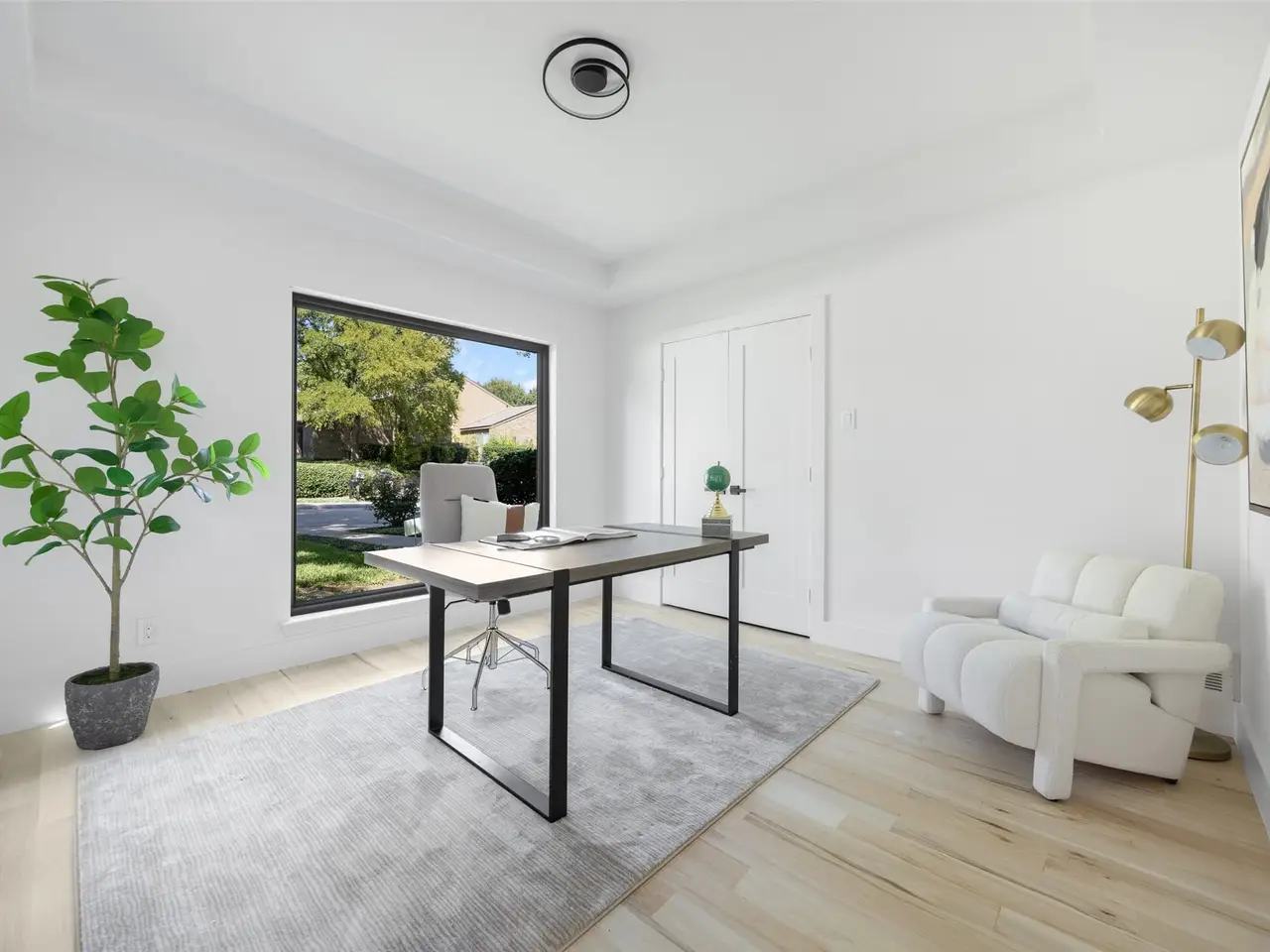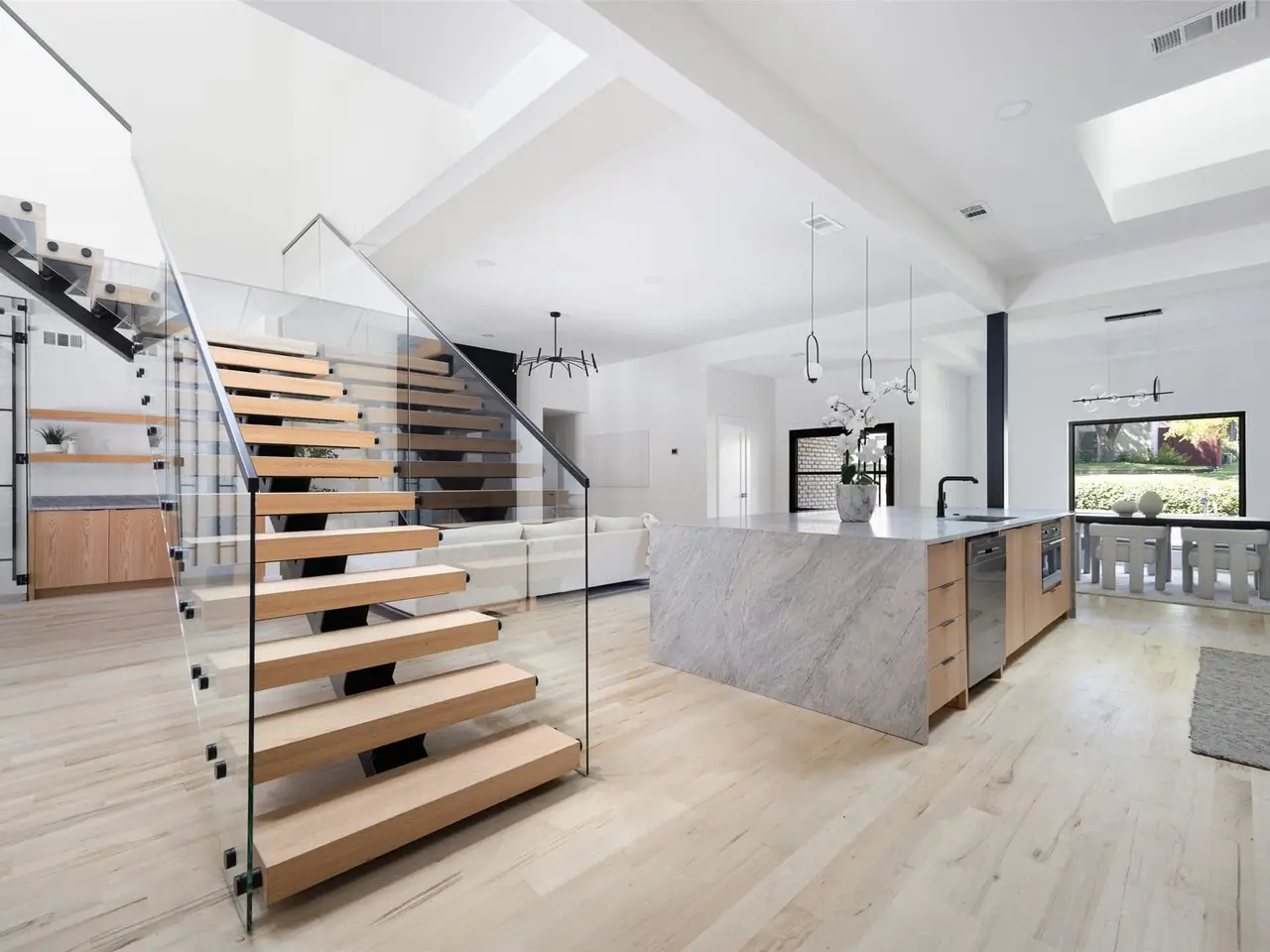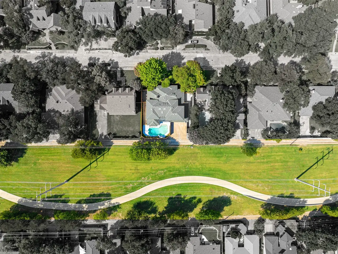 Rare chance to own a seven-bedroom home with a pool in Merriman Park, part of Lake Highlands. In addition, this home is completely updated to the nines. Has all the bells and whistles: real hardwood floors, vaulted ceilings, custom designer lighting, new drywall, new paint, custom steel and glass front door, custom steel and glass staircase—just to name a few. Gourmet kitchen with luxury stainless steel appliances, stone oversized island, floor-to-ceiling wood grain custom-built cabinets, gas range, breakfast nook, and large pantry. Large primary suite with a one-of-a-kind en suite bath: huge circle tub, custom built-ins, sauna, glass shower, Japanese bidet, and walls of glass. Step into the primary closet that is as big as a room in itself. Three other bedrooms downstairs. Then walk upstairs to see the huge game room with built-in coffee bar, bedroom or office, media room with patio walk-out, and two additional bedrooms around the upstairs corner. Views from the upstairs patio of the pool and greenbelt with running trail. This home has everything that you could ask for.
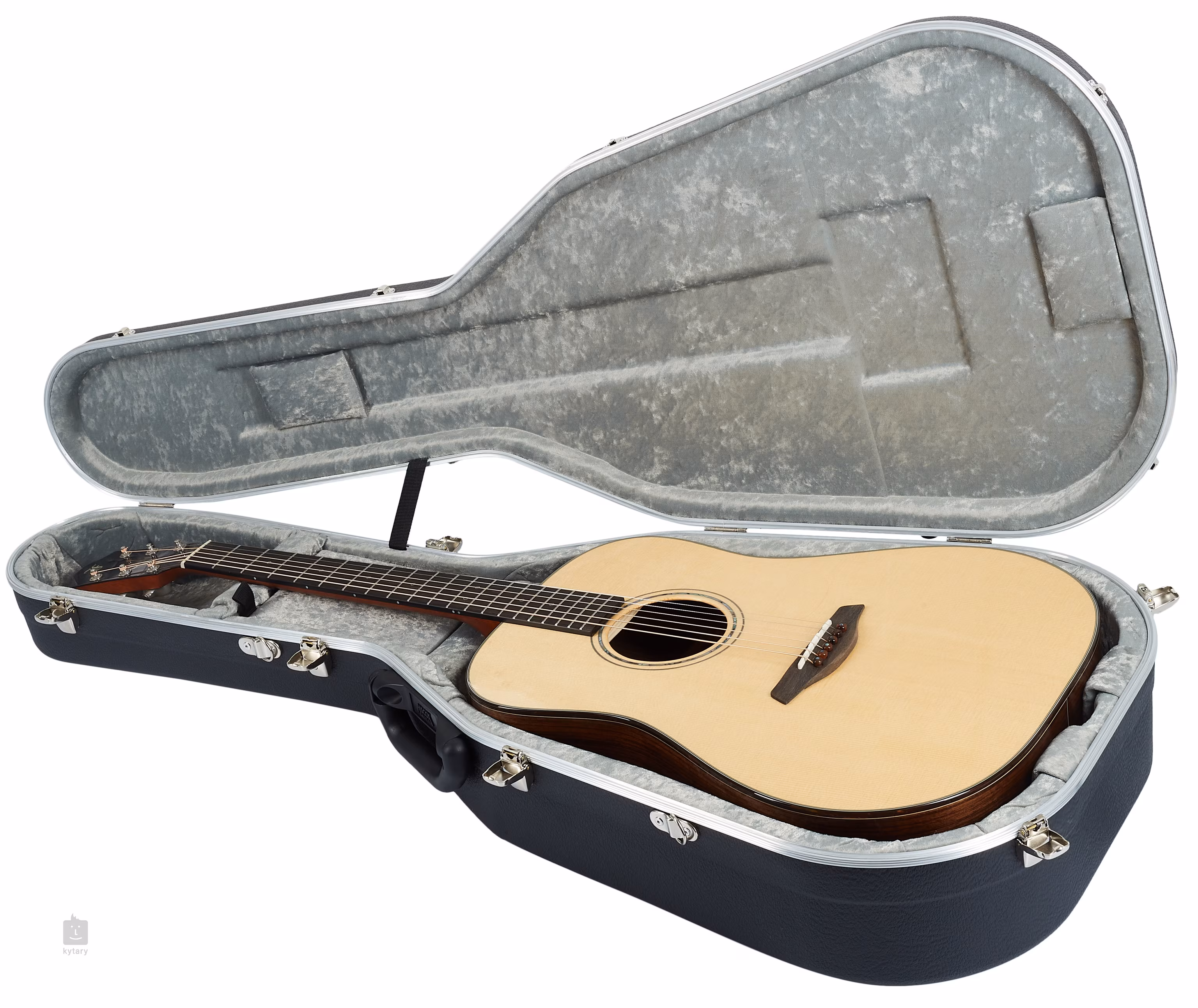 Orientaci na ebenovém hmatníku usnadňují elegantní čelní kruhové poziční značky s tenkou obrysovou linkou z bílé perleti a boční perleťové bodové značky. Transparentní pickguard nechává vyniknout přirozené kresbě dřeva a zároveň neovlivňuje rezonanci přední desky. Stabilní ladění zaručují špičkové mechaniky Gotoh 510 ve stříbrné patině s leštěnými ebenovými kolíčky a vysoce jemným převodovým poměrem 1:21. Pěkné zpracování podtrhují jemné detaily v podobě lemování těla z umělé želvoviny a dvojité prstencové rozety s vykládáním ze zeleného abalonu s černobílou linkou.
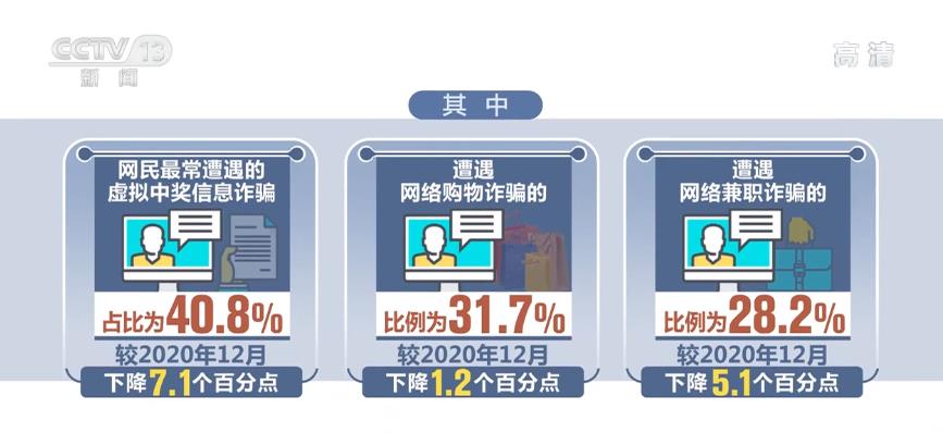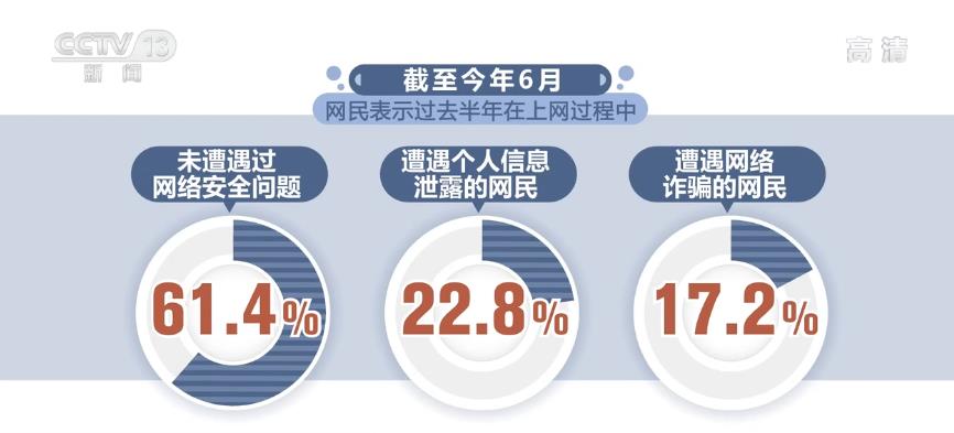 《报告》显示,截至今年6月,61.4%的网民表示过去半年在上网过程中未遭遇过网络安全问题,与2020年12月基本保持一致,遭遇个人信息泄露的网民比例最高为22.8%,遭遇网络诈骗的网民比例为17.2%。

Prompt.
Nothing but the listing, copied exactly and stripped of its images, should appear in the response.

Solution to this task.
 Rare chance to own a seven-bedroom home with a pool in Merriman Park, part of Lake Highlands. In addition, this home is completely updated to the nines. Has all the bells and whistles: real hardwood floors, vaulted ceilings, custom designer lighting, new drywall, new paint, custom steel and glass front door, custom steel and glass staircase—just to name a few. Gourmet kitchen with luxury stainless steel appliances, stone oversized island, floor-to-ceiling wood grain custom-built cabinets, gas range, breakfast nook, and large pantry. Large primary suite with a one-of-a-kind en suite bath: huge circle tub, custom built-ins, sauna, glass shower, Japanese bidet, and walls of glass. Step into the primary closet that is as big as a room in itself. Three other bedrooms downstairs. Then walk upstairs to see the huge game room with built-in coffee bar, bedroom or office, media room with patio walk-out, and two additional bedrooms around the upstairs corner. Views from the upstairs patio of the pool and greenbelt with running trail. This home has everything that you could ask for.
 Orientaci na ebenovém hmatníku usnadňují elegantní čelní kruhové poziční značky s tenkou obrysovou linkou z bílé perleti a boční perleťové bodové značky. Transparentní pickguard nechává vyniknout přirozené kresbě dřeva a zároveň neovlivňuje rezonanci přední desky. Stabilní ladění zaručují špičkové mechaniky Gotoh 510 ve stříbrné patině s leštěnými ebenovými kolíčky a vysoce jemným převodovým poměrem 1:21. Pěkné zpracování podtrhují jemné detaily v podobě lemování těla z umělé želvoviny a dvojité prstencové rozety s vykládáním ze zeleného abalonu s černobílou linkou.
 《报告》显示,截至今年6月,61.4%的网民表示过去半年在上网过程中未遭遇过网络安全问题,与2020年12月基本保持一致,遭遇个人信息泄露的网民比例最高为22.8%,遭遇网络诈骗的网民比例为17.2%。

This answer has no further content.